Date Presented 04/05/19
Primary Author and Speaker: Dana Grady
Additional Authors and Speakers: Patricia Pierce
PURPOSE: Guidelines for movement following median sternotomy are not universally defined,1 but typically include strict sternal precautions (SP). The SP protocol is not well supported by evidence and is reported to impede functional recovery.2-4 Recently, alternative approaches propose less functional restrictions while avoiding excessive stress to the sternum. The purpose of this study was to determine the effect of a less restrictive (LR) approach after median sternotomy in an acute care hospital. Our hypothesis was that the LR approach group would have no negative change to their sternum, less difficulty during functional mobility and activities of daily living, shorter length of stay, and would discharge to home (vs. rehabilitation), as compared to the SP group.
PARTICIPANTS: 364 (SP: n =172, 66.3 ± 11.2 y; LR: 196, 65.2 ± 11.2 y).
DESIGN AND METHOD: This quasi-experimental design study, ran in 2 consecutive phases, and compared 2 groups post median sternotomy at a community based hospital (March – September 2017). Phase 1 participants and family, the SP group, were instructed to follow SP restrictions. Phase 2 participants and family, the LR group, received instructions on the Keep Your Move in the Tube approach. At 2-3 weeks post discharge, patients completed a self-reported survey and sternal instability was objectively assessed by the surgeons using the Modified Sternal Instability Scale (MSIS). The survey included questions on perceived pain rating and frequency, sternal instability, and functional mobility. Functional mobility was recorded as an average score of the reported level of difficulty (0 = none and 10 = maximum) for getting out of a chair, getting out of bed and putting on a bra or shirt. Chart review provided data on length of stay and discharge disposition (rehabilitation facility vs. home). The 2 groups were compared using the Mann Whitney U test for continuous variables and Chi square test for discharge disposition (P < 0.05).
RESULTS: There were no significant differences between the two groups for all the outcomes, MSIS (SP: 0.02 ± 0.1 vs. LR: 0.02 ± 0.1, P = 0.88), pain rating (SP: 3.4 ± 1.9 vs. LR: 3.4 ± 1.7, P = 0.87), pain frequency (SP:1.7 ± 0.6 vs. LR: 1.6 ± 0.7, P = 0.46), sternal instability (SP: 0.08 ± 0.2 vs. LR: 0.05 ± 0.2, P = 0.24), difficulty with functional mobility (SP: 1.5 ± 2.0 vs. LR: 1.2 ± 1.9, P = 0.09), length of stay (SP: 7.7 ± 5.1 days vs. LR: 8.0 ± 6.1 days, P = 0.56) and discharge disposition (P = 0.09).
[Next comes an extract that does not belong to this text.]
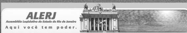
Sessão Solene Extraordinária da Assembléia Legislativa do Estado do Rio de Janeiro Dia 20 de maio de 2008, às 18h 30min

CONCLUSIONS: In our study, the implementation of the LR approach, Keep Your Move in the Tube, had no adverse effect on outcomes 2-3 weeks following median sternotomy. Although no statistically significant differences were noted for all outcomes, patients with the LR approach reported less difficulty with functional mobility. The limitations include a short time frame and subjective functional outcomes. Future research with a long term randomized control trial with objective measurements is needed.
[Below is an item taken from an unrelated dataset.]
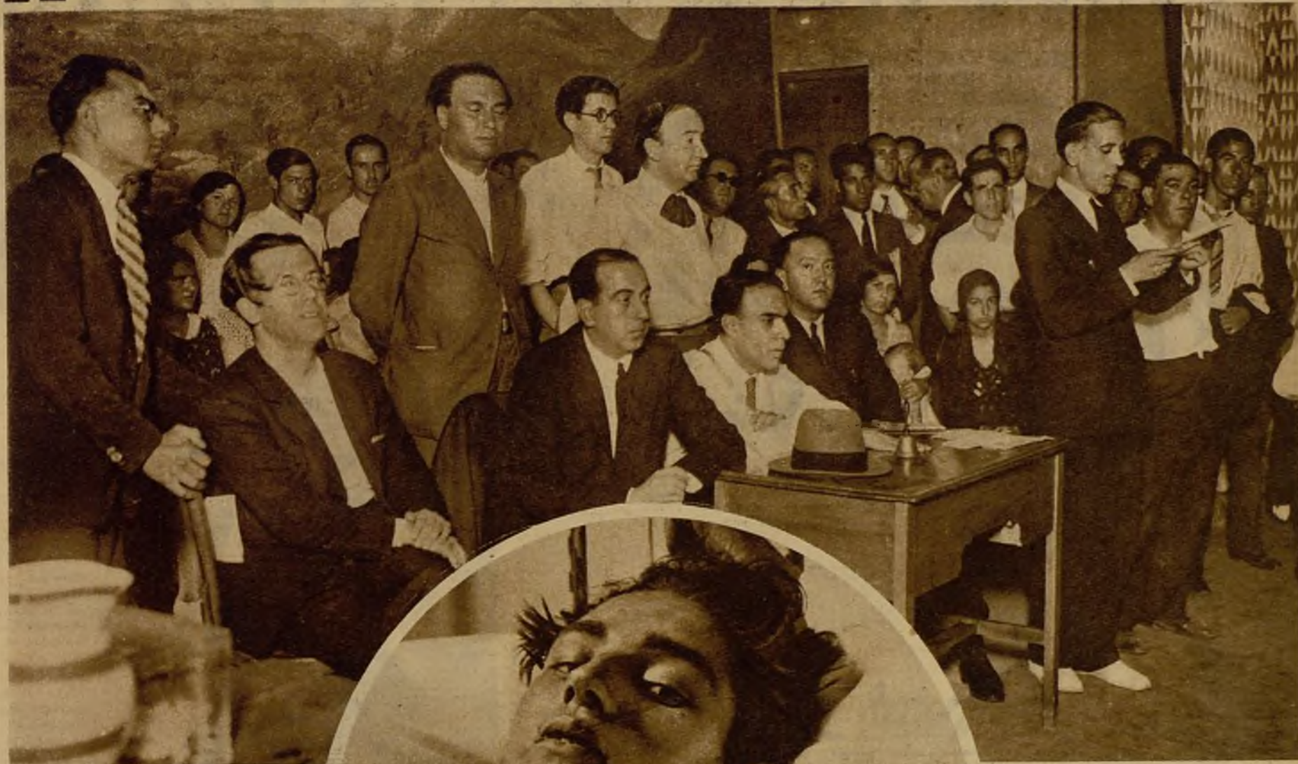
Elementos directivos del partido comunista, con los oradores que tomaron parte en el mitin del teatro Maravillas, durante la celebración del mismo.

IMPACT STATEMENT: This proposal is important to practice as it provides valuable data to clinicians on alternative approaches for mobility and activities of daily living following median sternotomy. It is likely to exert a powerful influence on occupational therapy in regards to treatment following median sternotomy in various settings. Patients report less difficulty in activities of daily living such as donning a shirt or bra as well as functional transfers.
References
1. Tuyl LJ, Mackney JH, Johnston CL. Management of Sternal Precautions Following Median Sternotomy by Physical Therapists in Australia: A Web-Based Survey. Physical Therapy. 2011; 92(1):83-97.
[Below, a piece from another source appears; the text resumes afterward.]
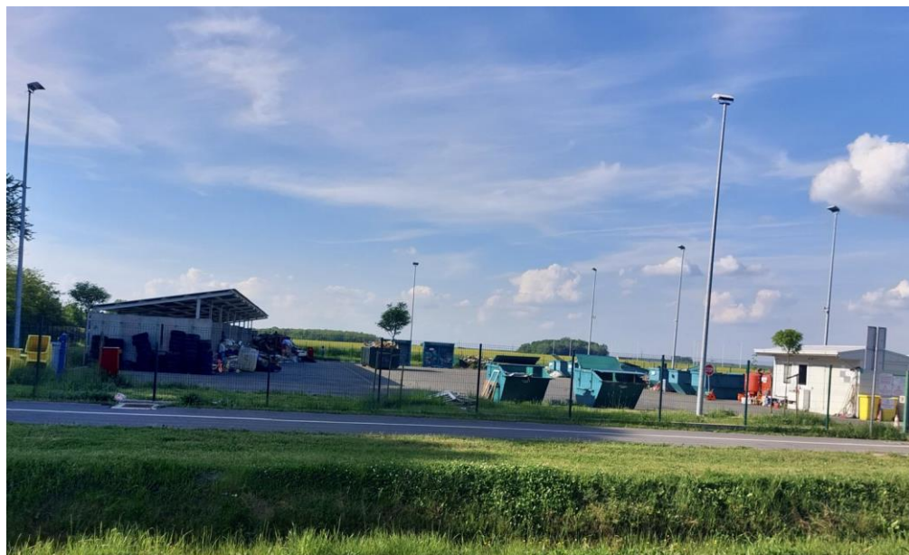
Slika 2. Prikaz reciklažnog dvorišta u Općini Čepin

Cilj projekta je stvoriti uvjete za recikliranje razvrstanog otpada iz mješovitog otpada kako bi osigurali održivo gospodarenje otpadom. Specifični cilj projekta je smanjiti mješoviti otpad koji se odlaže na različitim mjestima u Općini Čepin te podići svijest o štetnosti stakleničkih plinova i utjecaju divljih deponija na podzemne pitke vode.

2. Cahalin LP, LaPier TK, Shaw DK. Sternal Precautions: Is It Time for Change? Precautions versus Restrictions – A Review of Literature and Recommendations for Revision. Cardiopulmonary Physical Therapy Journal. 2011; 22(1):5-15.
3. Brocki BC, Thorup CB, Andreasen JJ. Precautions related to midline sternotomy in cardiac surgery: a review of the mechanical stress factors leading to sternal complications. Eur J Cardiovasc Nurs 2010; 9:77–84.
4. Adams, J, Schmid J, Parker RD, et al. Comparison of Force Exerted on the Sternum During a Sneeze Versus During Low-, Moderate-, and High-Intensity Bench Press Resistance Exercise with and without the Valsalva Maneuver in Healthy Volunteers. The American Journal of Cardiology.2014; 113(6):1045-1048.